The Carbon Market 19.03.2019

The pressure of weakening coal, gas and power prices finally told on carbon, and EUAs closed down yesterday, 18.03.2019, 3% at €21.80.

A large increase in open interest in EU emissions trading system (ETS) allowance call options has been observed in the last days and is likely to have been prompted by a vote in the UK Parliament this week to reject a “no-deal” Brexit. The options buying is likely to have been triggered by a UK parliamentary vote on 13 March, held in the evening after the market had closed, which resulted in members of Parliament (MPs) voting to rule out the UK exiting the EU without a deal.

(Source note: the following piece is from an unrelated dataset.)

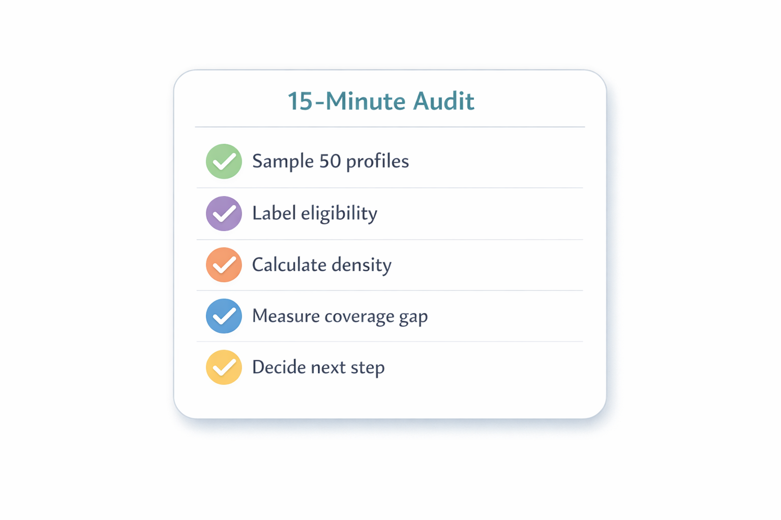 - Density < 5%: Stop scaling. Change niche or change profile sourcing.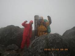 笹原をしばらく歩くと宮之浦岳頂上へ。ここも景色は無く風が強い。写真もまともに撮れない。

The vote outcome appeared to reduce the risk that the UK will crash out of the carbon market on 29 March, which would be the default scenario under a no-deal Brexit. A no-deal scenario is widely considered to be bearish for EU ETS fundamentals, as UK emitters could sell 50mn-70mn allowances back to the market as they would no longer need these permits for compliance.

By removing the prospect of a no-deal Brexit — at least temporarily — the vote created more bullish sentiment among EU ETS market participants, and triggered the increase in open interest.

For Tuesday, 18.03, we are neutral to bearish: EUAs ended the day back within their key support area at €21.70-21.85 and this may offer some support early tomorrow when trading resumes.